The practice of releasing downer movies in the festive holiday
season is unfortunately not a new one. Last year, both “The
Hours” and “The Pianist” were releases on Dec.
27, and the year before “In the Bedroom” premiered
close to Thanksgiving in New York and Los Angeles on Nov. 23, and
had a limited release on Christmas Day itself. All three films
mentioned in this paragraph were nominated for Best Picture.

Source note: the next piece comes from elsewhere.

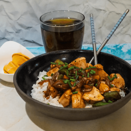 - Make the Kung Pao Chicken: In a non-stick pan over medium heat, heat the sesame oil and the olive oil. Sauté the chicken until nicely browned. Add in the peppers and onions, and sauté for 4-5 minutes until they start to soften. Then add the garlic and ginger, and cook for another 1-2 minutes. Add the chicken broth, soy sauce, molasses, and lime juice, and bring to a simmer. Add the dissolved cornstarch and simmer until the sauce thickens to a smooth consistency. Adjust the seasonings by adding soy sauce or salt to taste. Keep warm over low heat until you are ready to serve.

Is the studio secret to get a sad movie a Best Picture
nomination simply setting a release date close to a happy
holiday?
Not exactly. Because of the much written-about shortened Academy
season, studios attempt to release their potentially Oscar-worthy
movies as close to the Dec. 31 deadline as possible. Since the
movies the studios deem Oscar-worthy tend to be dramas,
there’s a bottleneck of them released during the most
wonderful time of the year. To go even further, with the recent ban
on Academy screening DVDs (to protect from Internet piracy), you
can probably expect big heavy dramas’ release dates to get
pushed back even closer to the deadline.
The situation brings out exactly what’s wrong with the
Oscar nomination system. Not that there’s a particularly good
time to release a movie like “The Pianist,” but
balanced out more evenly over the course of a year would make it
easier to watch a bunch of movies with similar depressing tones
than it is to watch them all in a few weeks. The line of thought is
that Academy voters won’t remember a film if it’s
released too early, which certainly doesn’t speak very highly
of the mental capacities of the people we allow to tell us the
single best movie of the year.
But it’s not all the Academy’s fault. Some of the
blame has to go to the studios and the public for pre-determining
which kinds of films are Oscar-worthy. We tend to put drama on such
a high pedestal that we ignore everything else. Other than
“Chicago” last year and “Shakespeare in
Love” in 1999, the last comedy to win Best Picture was
“Annie Hall” in 1978, and neither “Chicago”
nor “Annie Hall” are really full-blown comedies.
Ultimately it’s just a rotten system that doesn’t
have any remedy in sight, unless it’s all just a big form of
reverse-psychology. As I think about it and get grumpy,
“House of Sand and Fog” is ready to capitalize.